0.964% chance? Less than 1%? That sounds low to me. I thought the percentage would be somewhere around 5-10%.
Out of curiosity, what language is that, ultrafilter?
I agree with ultrafilter’s answer. There’s another more efficient approach (quadratic in the number of events, instead of exponential) to reach this answer, based on generating functions. The idea is to represent a random Bernoulli event (biased coin flip) with success probability p by a polynomial
(1-p) + p*x .
Now multiplying two of these polynomials together gives a quadratic polynomial; it’s easy to see that the constant term is the probability that both events fail, the linear coefficient is the probability that exactly one of the two events succeeds, and the quadratic coefficient is the probability that both events succeed. More generally, if you multiply a bunch of these polynomials together, the coefficient of the x[sup]k[/sup] term is just the probability that exactly k of the events succeed. So all you have to do is multiply out the eighth-order polynomial
(0.05+0.95x)(0.60+0.40x)(0.70+0.30x)(0.90+0.10x)(0.95+0.05x)(0.85+0.15x)(0.94+0.06x)(0.92+0.08x)
and sum the coefficients of the x[sup]5[/sup], …, x[sup]8[/sup] terms.
Oh, that’s awesome, Omphaloskeptic.
Just gut feel.
I ran a simulation in Excel (10000x) and and it appears your number is correct.
Many thanks. Appreciate it.
It looks like Omphaloskeptic has come up with the elegant formula I was looking for. But I am having a major brain fart. I don’t see how it comes up with 0.964% chance. Can someone step me through it?

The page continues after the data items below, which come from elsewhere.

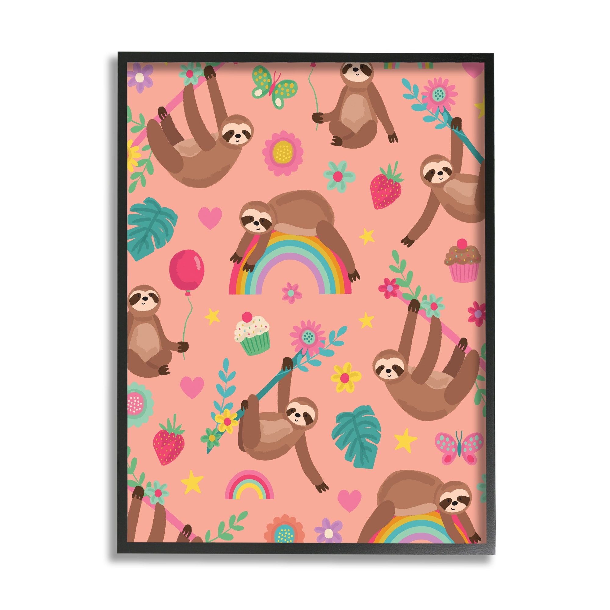 Stupell Industries Sloths Climbing Botanical Branches Whimsical Floral Pattern Framed Wall Art, Design by Lisa Perry Whitebutton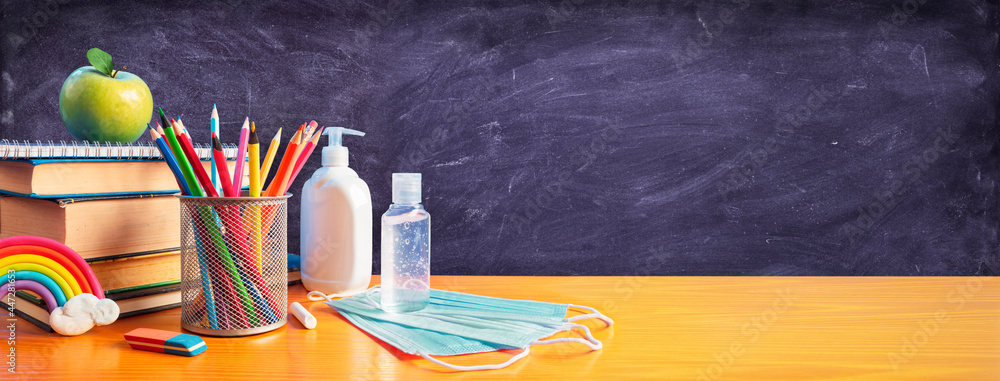 Back To School - Stationery With Covid-19 Protective Mask And Sanitizer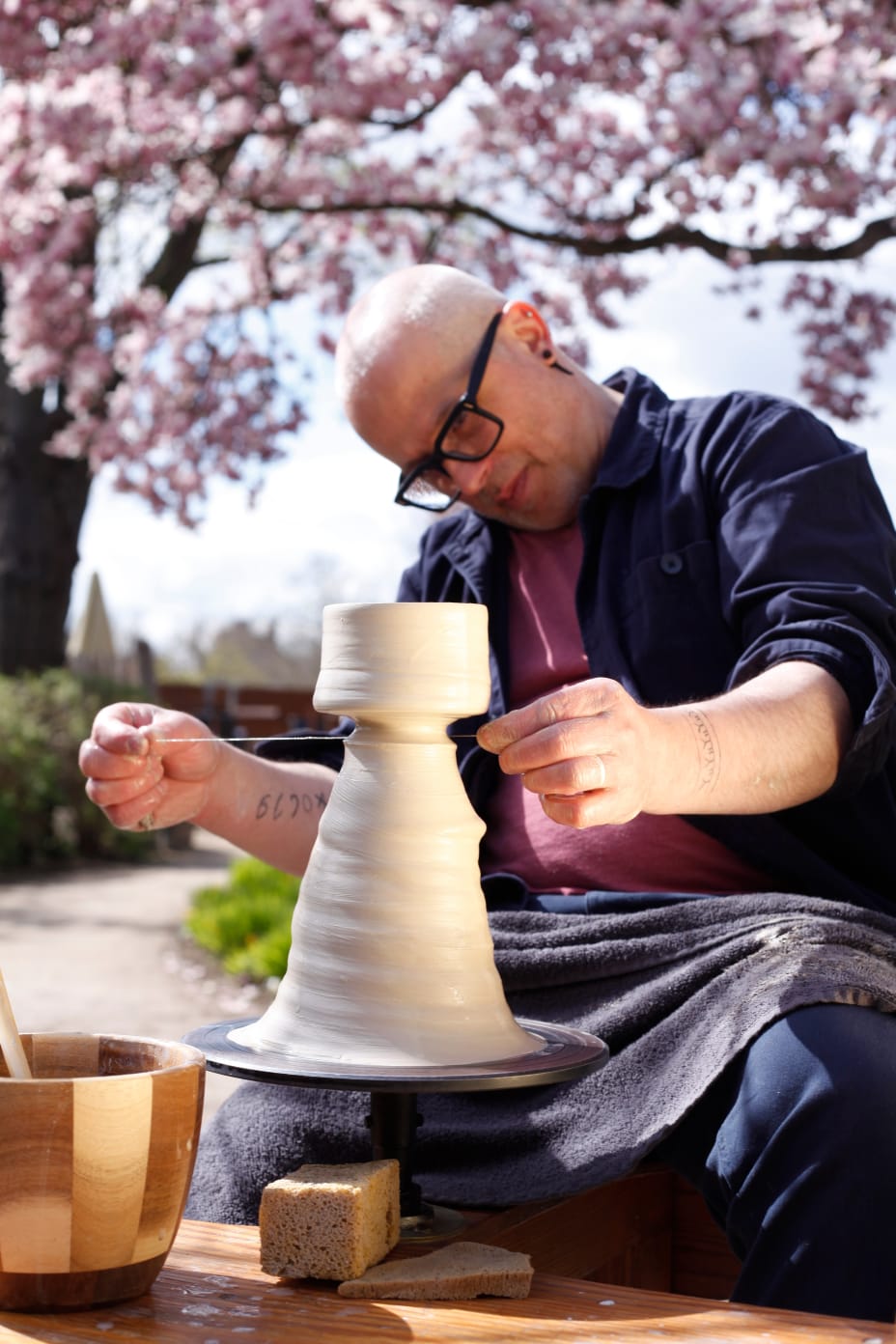 Die Keramik begleitet mich schon lange. Ich habe in Mazedonien als selbstständiger Töpfer gearbeitet und später als Geselle in verschiedenen Werkstätten. Während der Pandemie musste die Töpferei, in der ich damals arbeitete, ihr Geschäftsmodell neu ausrichten. In diesem Moment wurde mir klar: Vielleicht war es an der Zeit, meinen eigenen Weg zu gehen.

Here’s a Perl program that performs Omphaloskeptic’s method that I’ll step you through. I put in a print statement in the middle so that you can see how the polynomial builds up. At each step, the first number, index 0, is the chance that no successes happen. So the initial value there is 1, since with no trials yet, there’s a 100% chance that there are no successes. As more and more values get put into @poly, values at index 1 are the probability that exactly one success will have been seen, at index 2 is the probability that exactly two successes have been seen, etc. Then we sum up all of the coefficients with an index greater than or equal to 5.
#!/usr/bin/perl -w
use strict;
my @poly = ( 1 );
foreach my $probability ( 0.95, 0.4, 0.3, 0.1, 0.05, 0.15, 0.06, 0.08 )
{
my @trialFail = (map { $_ * (1 - $probability) } @poly, 0);
my @trialSuccess = (0, map { $_ * $probability } @poly);
@poly = map { $_ + shift @trialSuccess } @trialFail;
print "\@poly = (@poly)
";
}
# sum up the coefficients for index >= 5
my $sum = 0;
foreach my $probability (@poly[5 .. $#poly])
{
$sum += $probability;
}
print "$sum
"
So, first @poly = ( 1 )
The first time through the loop, @trialFail = ( 0.05, 0 ) and @trialSuccess = (0, 0.95). The third line sums them up, setting @poly = (0.05, 0.95).
The second time through the loop, @trialFail = (0.03, 0.57, 0), @trialSuccess = (0, 0.02, 0.38), so their sum is (0.03, 0.59, 0.38).
The third time through the loop, @trialFail = (0.021, 0.413, 0.266, 0), @trialSuccess = (0, 0.009, 0.177, 0.114), so their sum is (0.021, 0.422, 0.443, 0.114).
For the following loops, we see, in order:
(0.0189 0.3819 0.4409 0.1469 0.0114)
(0.017955 0.36375 0.43795 0.1616 0.018175 0.00057)
(0.01526175 0.31188075 0.42682 0.2030525 0.03968875 0.00321075 8.55e-05)
(0.014346045 0.29408361 0.419923645 0.21647855 0.049490575 0.00539943 0.000273015 5.13e-06)
(0.0131983614 0.2717046048 0.4098564422 0.2327541576 0.062849613 0.0089267216 0.0006831282 2.65608e-05 4.104e-07)
We then chop off the entries from index 0 to index 4 to get:
(0.0089267216 0.0006831282 2.65608e-05 4.104e-07)
…which then sum to 0.009636821, i.e., 0.9637%
Thanks again. I need to wrap my head around this post when I am not so tired.